Brief Fact Summary. A bank had a security interest in a contract between construction company 1 and a hotel. Because a condition did not occur, the contract between the construction company 1 and the hotel was terminated. The hotel entered into a contract with construction company 2 to do the same work construction company 1 was supposed to. Construction company 2 entered into a sub-contract with a Construction company 3, controlled by the owner of construction company 1.
Synopsis of Rule of Law. An assignee with rights in a contract between parties A and B, does not necessarily have recourse in a contract between parties C and D, after the contract between A and B is terminated in good faith, even if the owner of party D was the owner of party B.
If an account debtor fails to comply with a valid assignment and improperly pays the assignor, the account debtor may be liable to the assignee for the amount of the improper payment.View Full Point of Law
Issue. Where the Plaintiff had rights in Contract 1 between party A and party B, but Contract 1 is terminated, does the Plaintiff have rights in Contract 2 if party A is the same, but party B is not involved?
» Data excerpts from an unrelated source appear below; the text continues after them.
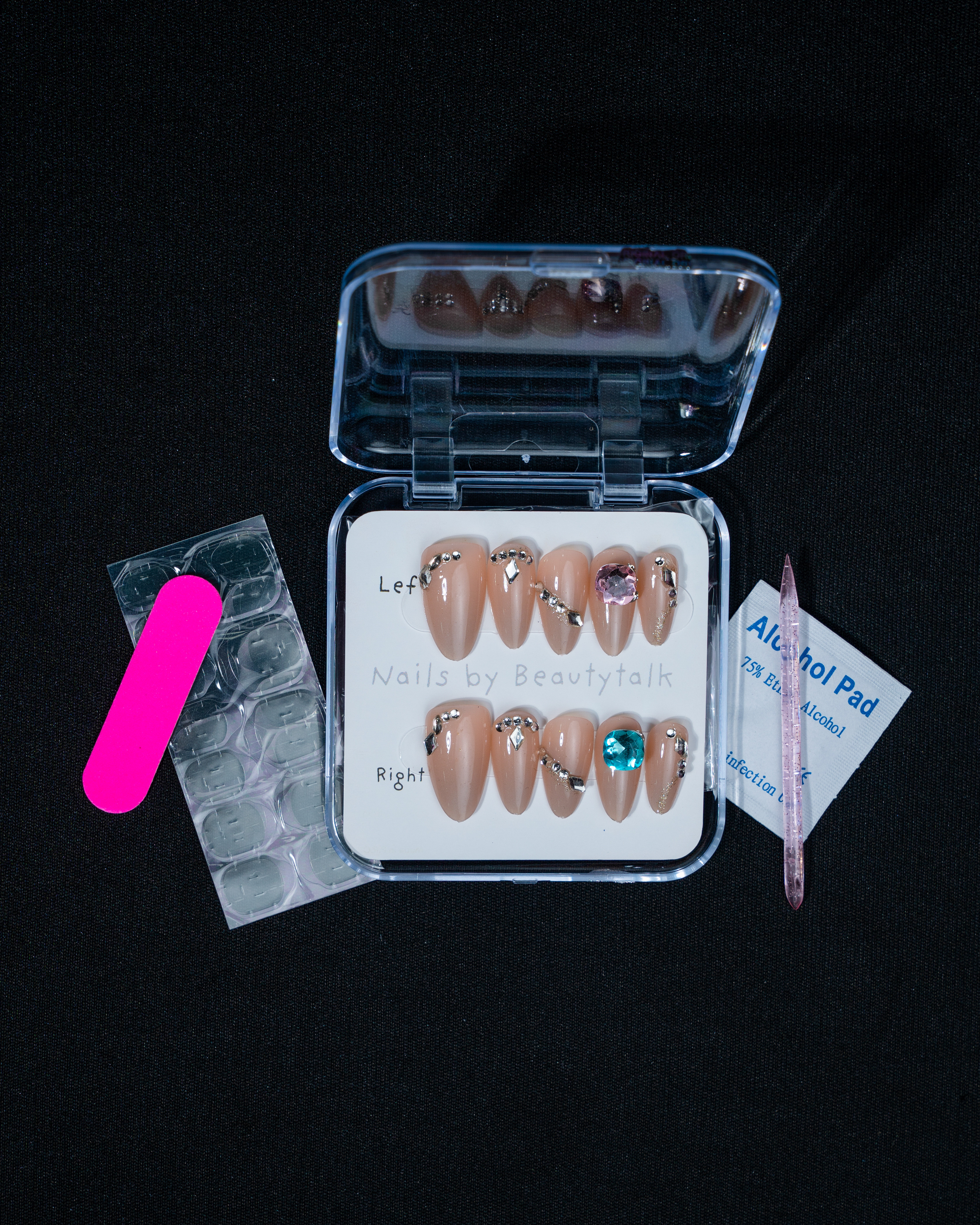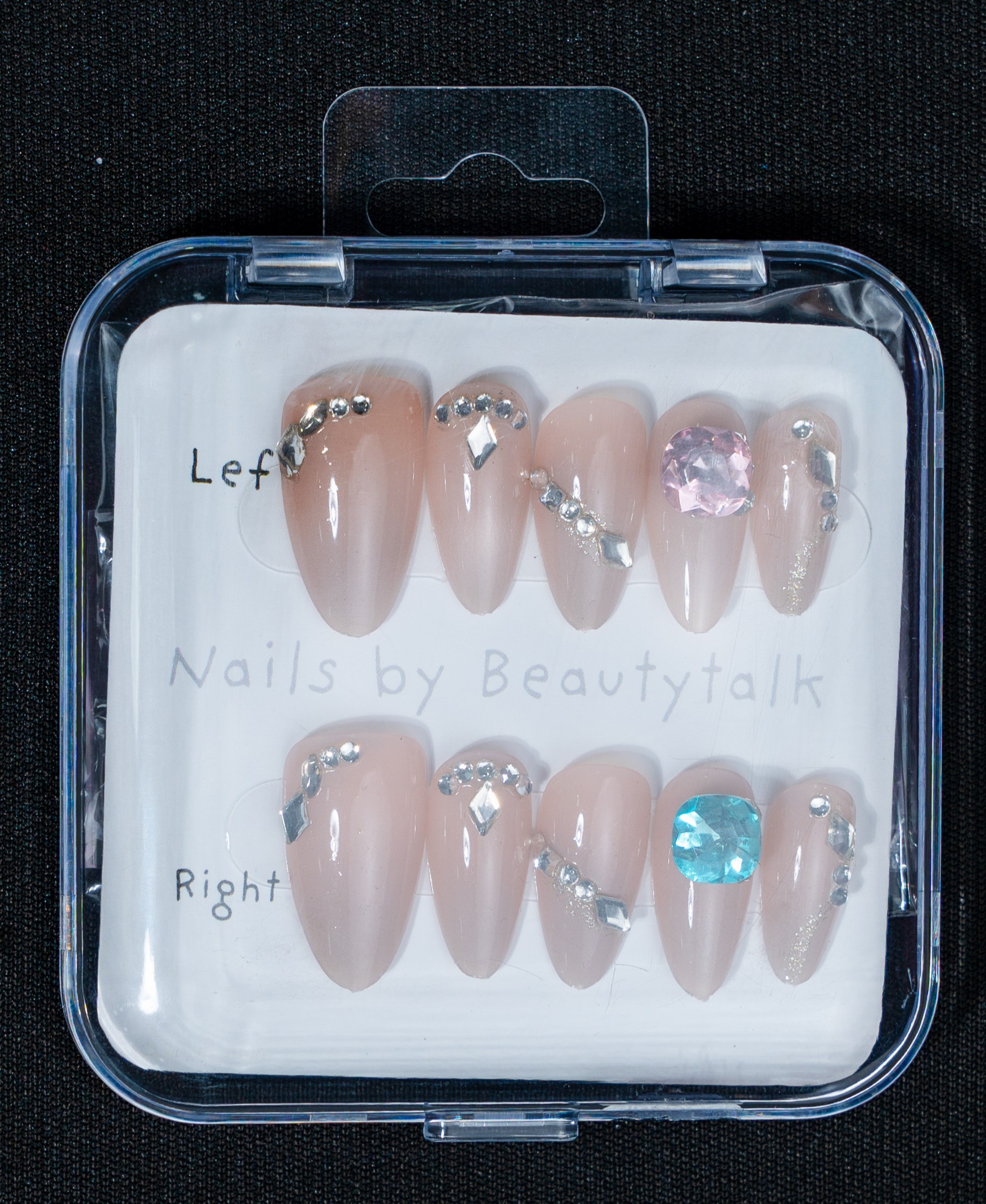A nude press-on nail set with a glossy finish. Features rhinestone detailing and statement crystal accents for a clean, embellished look.
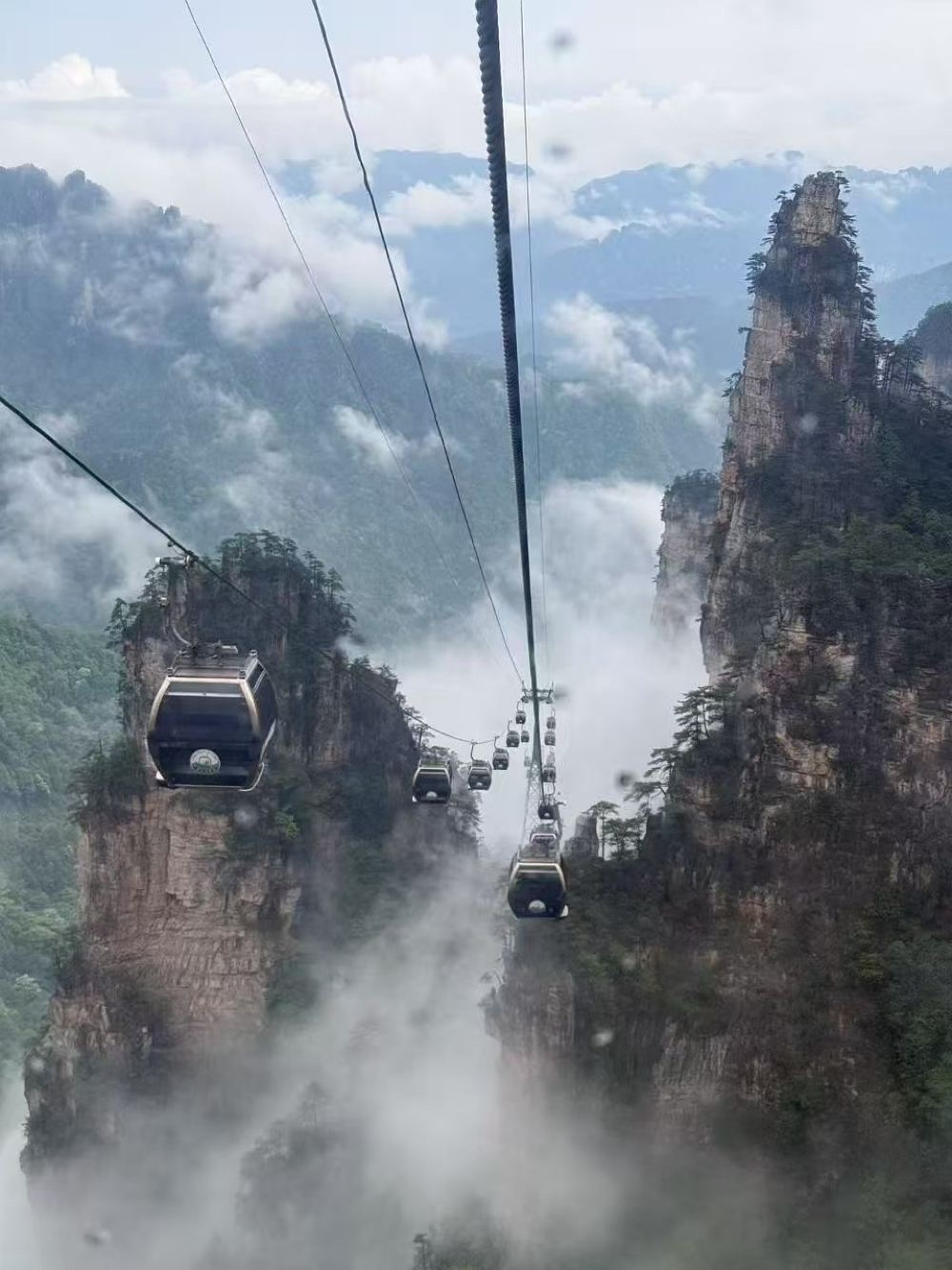 ▲ 톈쯔산 케이블카는 단일 순환식 탈착형 케이블 승객 로프웨이입니다. 모든 장비는 오스트리아 도펠마이어(Doppelmayr) 사에서 수입했습니다. 톈쯔산 케이블카의 완공은 우링위안 관광지의 교통 환경을 크게 개선했을 뿐만 아니라, 천자산 관광지에서 단 한 번의 전망을 보기 위해 반나절을 소비해야 했던 관광객들의 아쉬움을 해소해주었습니다. 편안하고 안전한 톈쯔산 케이블카를 타면 노선을 따라 펼쳐지는 아름다운 풍경을 즐길 수 있어 경이롭기 그지없습니다. 특히 구름이 감도는 날에는 케이블카 위에서 선녀가 날아다니는 듯한 생동감 넘치는 스릴을 체험할 수 있습니다.
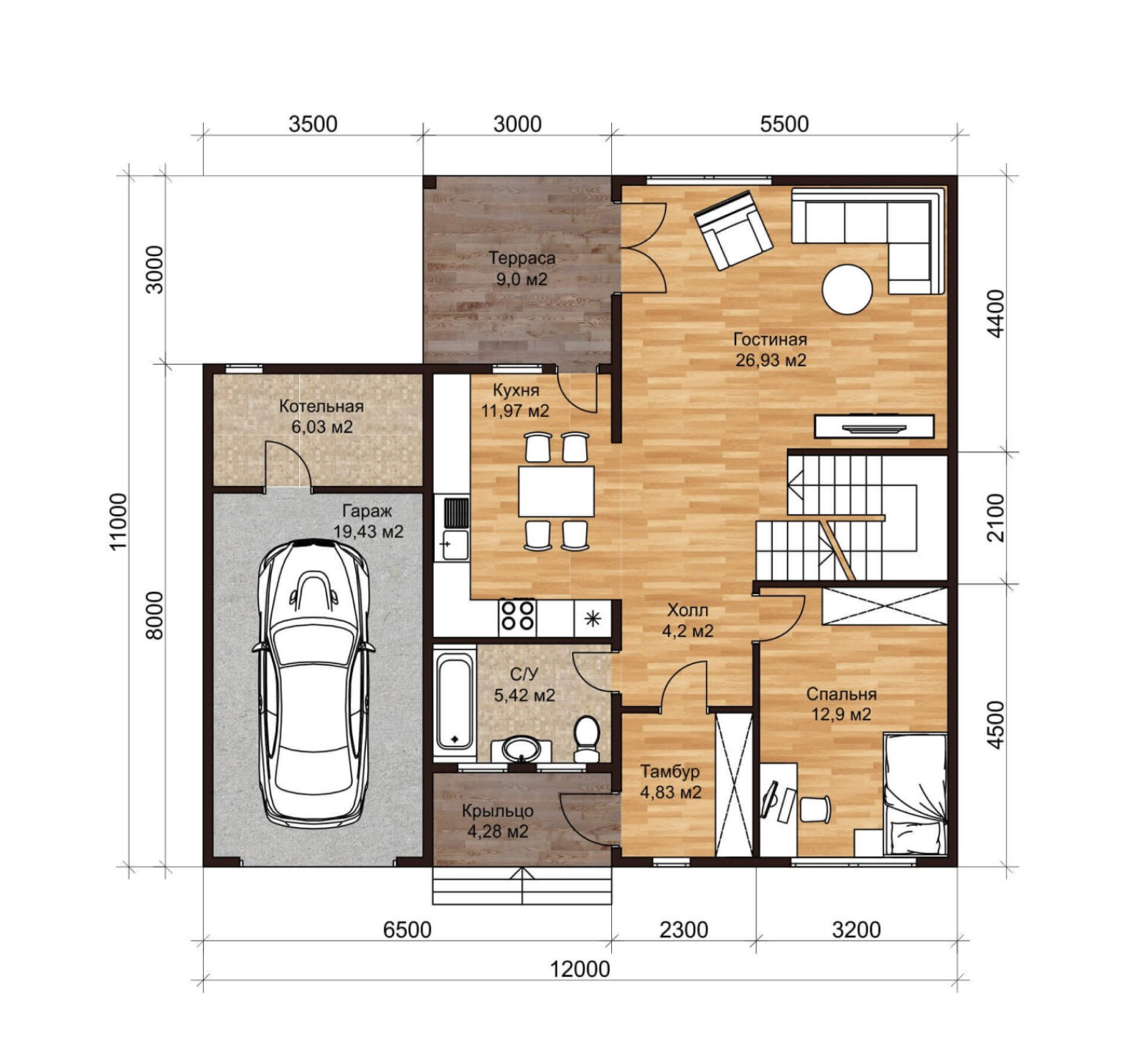 Проект: КД-130 | Размер: 11×12 м | Цена: от 5 680 000 руб.

Held. The court first observes that §9.318(b) of the Tex.Bus. & Com. Code Ann. governs here. This sections reads: "[s]o far as the right to payment or a part thereof under an assigned contract has not been fully earned by performance, and notwithstanding notification of the assignment, any modification of or substitution for the contract made in good faith and in accordance with reasonable commercial standards is effective against an assignee unless the account debtor has otherwise agreed but the assignee acquires corresponding rights under the modified or substituted contract."
• The court first observes that there are two new contracts involved, the one between the Defendant and Pavestone and the one between Pavestone and Pave-Lock Systems, another of Mr. Frownfelter's companies. Thus, one contract was not substituted for the original contract. The court then recognizes Pavestone was not a party to the original contract and there is no evidence that Pavestone knew about the prior security arrangement between the Defendant and FCC. There was also no indication that either of the two aforementioned contracts were ever assigned. As such, "[n]either contract existed in a prior form so as to qualify as a substitution or modification of an earlier contract." Further, since there was no longer privity between the original parties to the assigned agreement, the Defendant could not obtain rights in any of the new contracts. The new contracts were unrelated to the original agreement. It was legally irrelevant that the Defendant and Mr. Frownfelter were "parties to the same general transaction." It is also irrelevant that the Defendant "was aware of Frownfelter's new role at the time the Registry-Pavestone contract."
• The court then recognizes the Plaintiff was not without recourse, because §9-318(2) requires any modification or substitution of the contract to be made in good faith and pursuant to commercial reasonableness. Meaning, those "modifications or substitutions that are fraudulent or intended to circumvent the assignee's rights are ineffective against the assignee."
Discussion. This case offers an interesting discussion into the rights and remedies of an assignee, after the contract the assignee has rights in, is terminated.